I had to power cycle the machine to overcome the hung up state of the adapter, then decided to reload the diagnostics into memory so that there was no residual state in the software that might cause problems. Alas, while I was doing this, I decided to clean up the area and put away a VOM. Unfortunately, one of leads brushed every so lightly across some cabling in the SAC box, which caused bit 12 of the incoming data to again go missing.

I couldn't do any more testing, at least until I find and fix the problem wire for bit 12. However, I was very, very encouraged by what I saw so far. I want to run through the entire diagnostic suite and check off everything on the console printer. I will turn my attention to wiring up the three 1130 control panel buttons to the relay board so that my software can cause a virtual Program Load operation, which burns up some time until the new connectors come (see below) and I can be done with these frustrating connectivity problems.

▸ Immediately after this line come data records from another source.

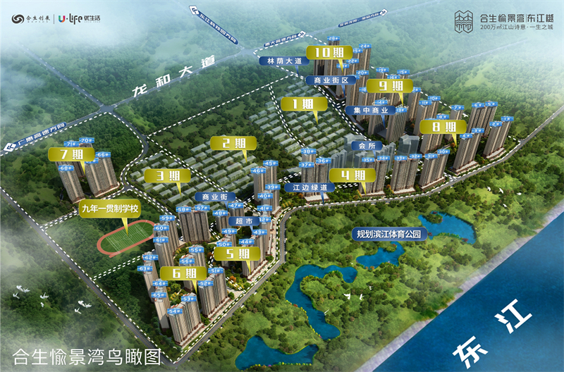 项目总占地面积约61万㎡,总建筑面积约225万㎡,总规划十期建设,是合生在惠州打造的一个环境清幽的集养生、休闲、宜居于一体的超200万㎡规模级江岸生态宜居大盘。
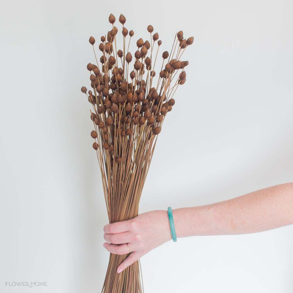 Dried Brown Pineapple Button Flowers are a small, dainty flower that works SO BEAUTIFULLY with boho, fall, or rustic wedding vibes! Dried Brown Pineapple Button Flowers are very durable, dainty, easy to work with, provide incredible texture, and can be saved as a sentimental keepsake.
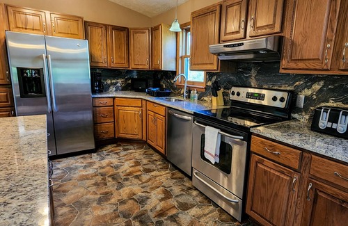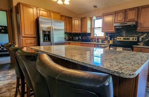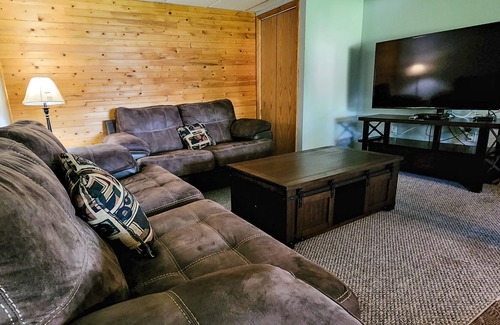 The basement floor (with ground-level,rear access) puts you right in a rustic setting with brand-new pine walls and ceilings. 2 additional bedrooms, another full bath, and 2 of the bedrooms have bunk beds along with a queen. The spacious game room includes a pool table, poker table, and a drink refrigerator. The 65" flat-screen TV can be used to watch sports, TV, gaming, or your favorite movies! The level opens up to a patio with a hot tub, fire pit, and more seating.
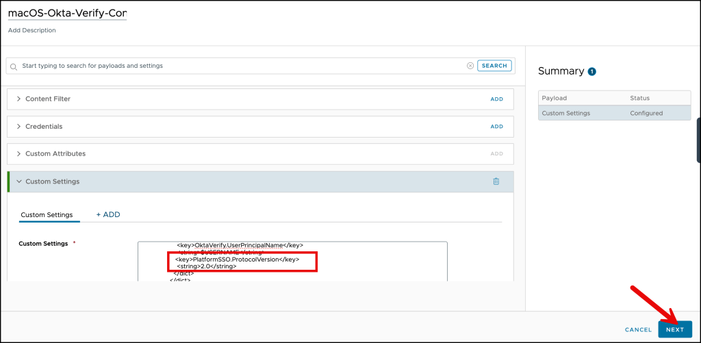 Navigate to your profile in your Workspace ONE UEM environment, edit it and add the following:
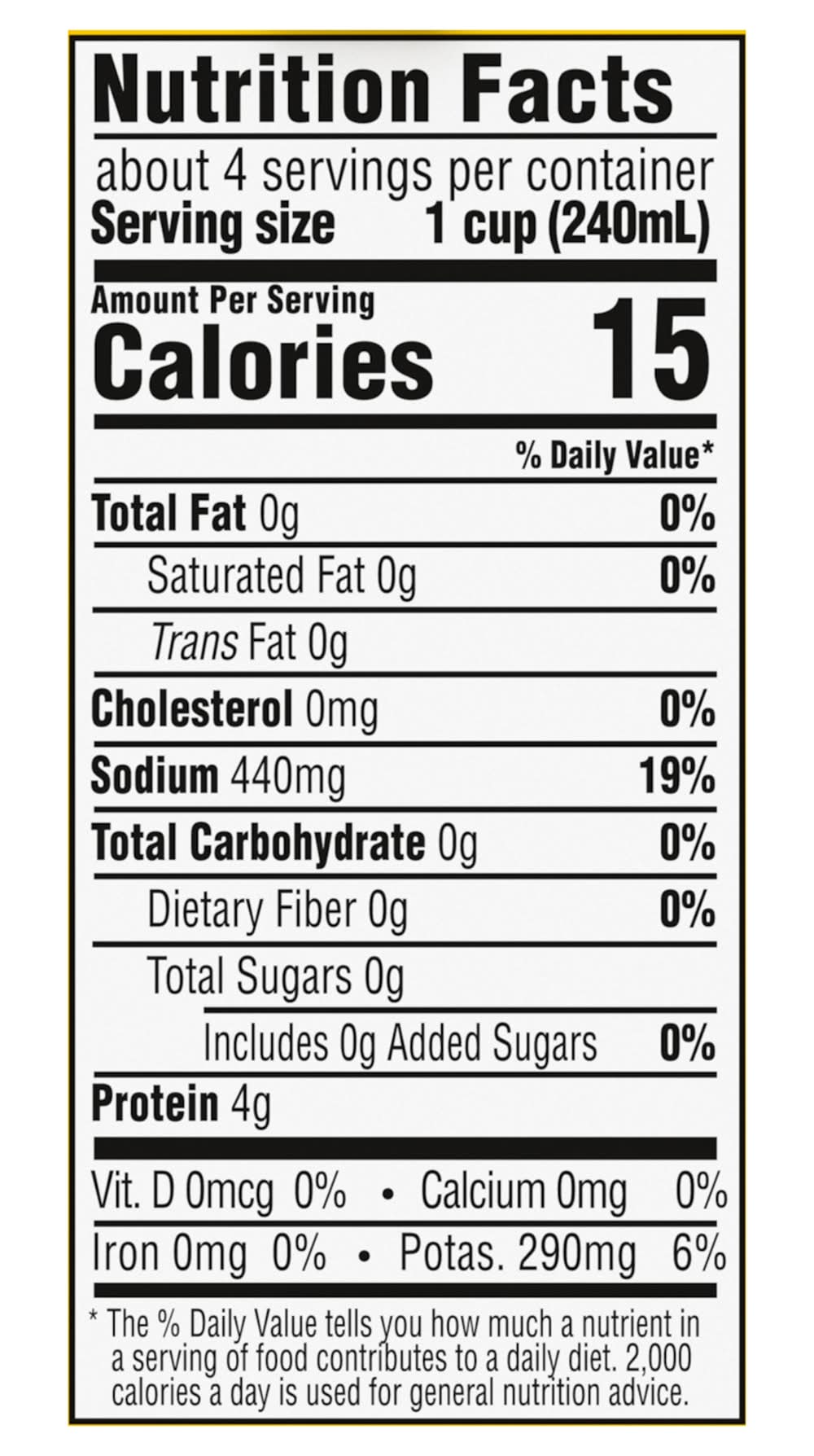 We craft our mouthwatering liquid gold by simmering McCormick Herbs and Spices with chicken and vegetable to extract layer of hearty flavor. • Flavor: Chicken • Mccormick & Co. Inc., Hunt Valley, MD • Packaging: Reusable
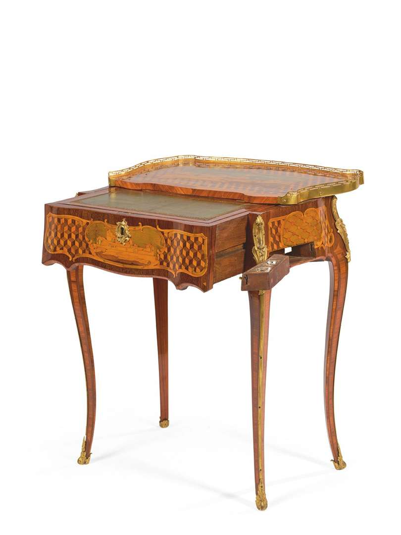 RARE TABLE À ÉCRIRE DITE « À LA POMPADOUR » de dame entièrement à décor de marqueterie géométrique de cubes et sur le plateau d'un paysage avec personnages et architectures dans une réserve ainsi que sur l'avant avec incrustations de nacre.
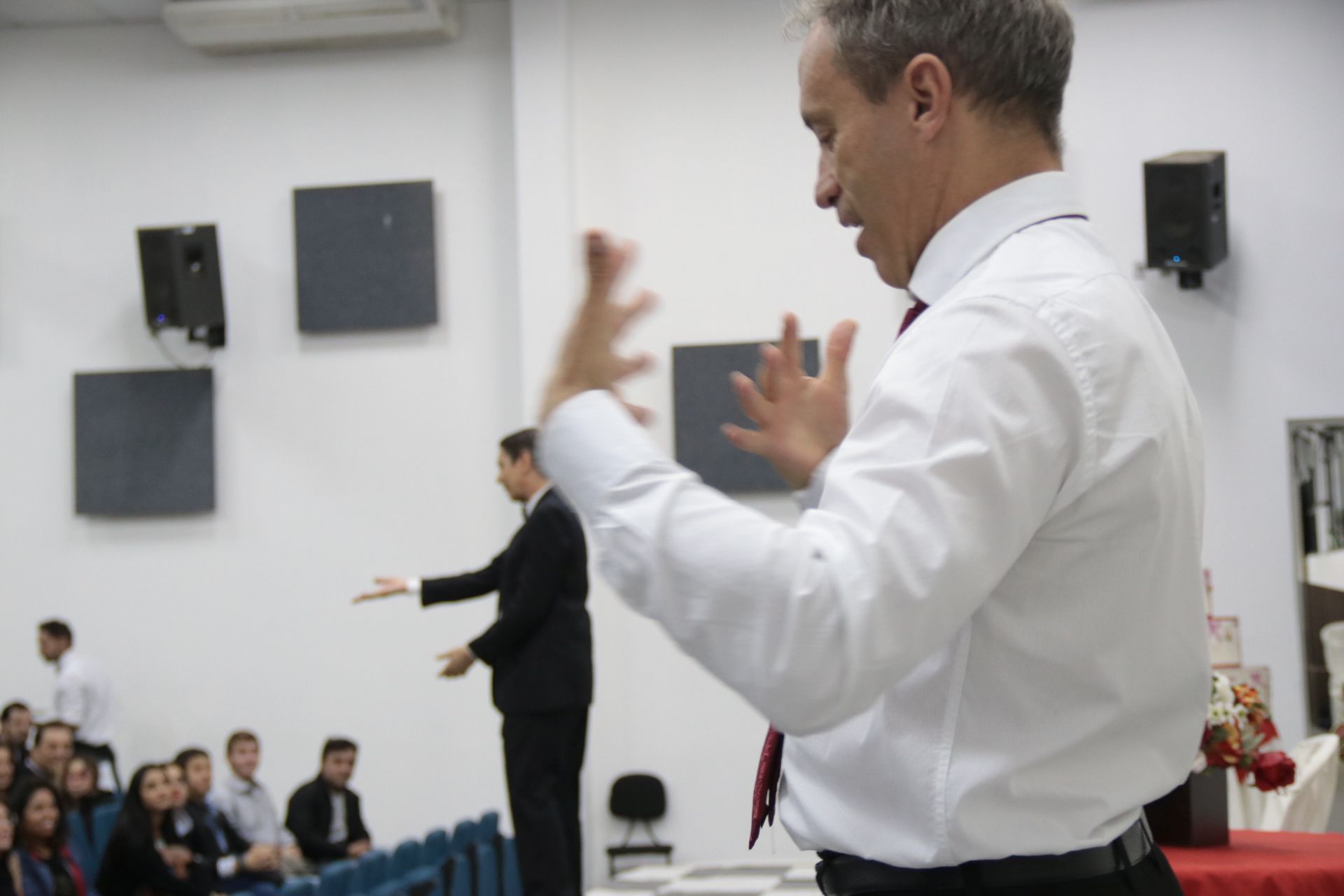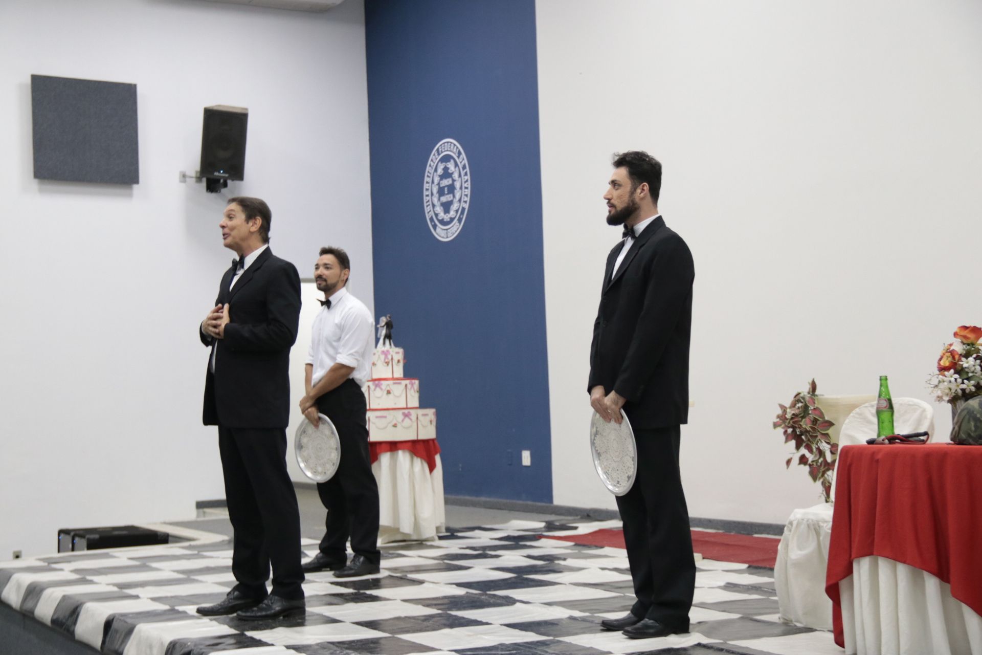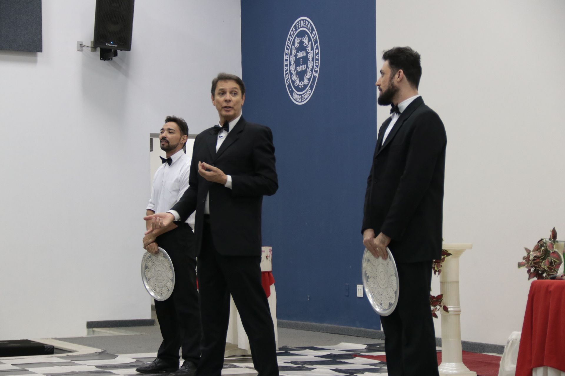 A noite fria desse domingo (20/5) foi aquecida pelo humor irreverente da peça “Como sobreviver em festas e recepções com buffet escasso”, produzida e interpretada por Carlos Nunes. O Salão de Convenções da Universidade Federal de Lavras (UFLA) foi palco da exibição que tem 18 anos e, que pela terceira vez foi acessível em Libras “É um grande prazer fazer o espetáculo e saber que ele está sendo traduzido todo tempo para que as pessoas possam aproveitar e rir junto com a gente”, comentou Carlos.

SAC INTERFACE FOR ADDING PERIPHERALS TO THE 1130

My test of the enhanced functionality, providing control over interrupt levels 0 and 1, worked perfectly! I can trigger and observe both interrupts at will. That proves my daughter card and the DC-DC power converter are working as intended.

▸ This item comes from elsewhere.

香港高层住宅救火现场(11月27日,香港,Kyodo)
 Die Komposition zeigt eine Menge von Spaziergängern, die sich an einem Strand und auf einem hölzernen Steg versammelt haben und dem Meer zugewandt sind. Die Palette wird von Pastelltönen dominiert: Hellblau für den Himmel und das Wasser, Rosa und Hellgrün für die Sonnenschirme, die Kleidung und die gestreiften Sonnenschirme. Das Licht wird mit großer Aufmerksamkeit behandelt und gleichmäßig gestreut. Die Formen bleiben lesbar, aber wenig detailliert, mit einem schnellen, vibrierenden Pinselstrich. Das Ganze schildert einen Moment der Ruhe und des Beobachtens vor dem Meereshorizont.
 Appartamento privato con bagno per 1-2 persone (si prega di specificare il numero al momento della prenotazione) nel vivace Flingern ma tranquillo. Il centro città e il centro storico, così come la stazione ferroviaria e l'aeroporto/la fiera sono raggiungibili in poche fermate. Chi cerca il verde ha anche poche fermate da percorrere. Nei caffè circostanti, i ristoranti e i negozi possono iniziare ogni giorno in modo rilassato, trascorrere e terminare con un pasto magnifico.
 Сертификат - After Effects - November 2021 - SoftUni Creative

I wired in the trigger for the virtual Prog Load as that is the next function to test, watching the relays trigger, before I make the change to wire the relay board in to the 1131 button circuits. This too worked perfectly, the PC program commanded the sequence and I watched the relay board cycle through exactly once any time it was requested.

There is the remaining problem from yesterday that somehow the Interrupt Level 4 request is hot - that needed to be traced down and fixed before I continued testing. I remain deeply unhappy about the connection method for the twisted pair ribbon cable to my driver card inside the SAC interface box.

Currently, I have header pins on the board and attempted to solder the multistrand wires from the ribbon cable to each pin. This doesn't work well - I end up with stray wisps, connections that seem soldered by which will rotate and make intermittent contact. Sometimes adjacent wires touch.

I need a much more reliable connection method, consistent with the existing board which alternates input and output pins on the DIP chips. I choose a 2 x 8 IDC header to fit on the board and solder down, with a ribbon cable connector. I can fan out the ribbon cable wires I want and solder them to the existing ribbon cable wires, this gives me the alternation and spacing I need. These are on order and should arrive by the tail end of the week.

I looked carefully but didn't see any loose or shorted wires on the output board that would account for the undesired trigger of Interrupt Level 4. Putting on a voltmeter showed me that the output from the fpga to the chip input was invalid. It was sitting at 1.5V but should have been either near 0 or 3.3V.

That seems like a voltage divider, which might occur if two signals were shorted, one at 3.3 and one at 0, but I don't see any spot that is shorting. Similarly, this can be the result of the fpga circuit entering a metastable state, neither 0 nor 1.

I lifted the line from the chip and measured it - it still went to 1.5V which means either a problem on the fpga board, a problem in the connector or a problem in the ribbon cable. I pulled the ribbon cable off the fpga board and inserted a single pin into C12, the port where I am seeing this problem. The result was a nice low signal at level 0, as it should be.

I did some continuity testing between that wire and adjacent wires, but no shorts or measurable resistance. No short to ground. It is odd, because it is acting like an undriven pin yet I can see the source being set in my VHDL and the constraints file seems correct for the pin as well. This is odd because this used to work until I made the latest round of changes.

I did have some completely unrelated pins hooked to an Arduino from when I was testing the medium speed link, with no power applied to the Arduino but its ground was not tied to the SAC box. I removed the four wires to the Arduino and my problem with Int Req Lvl 4 went away! However, in all the moving of the board to check for problems with the request line, I managed to jostle the line for bit 12 so that it was no longer working. Grrrrr. The new connectors can't come soon enough - this unreliability of the lines is really wasting time.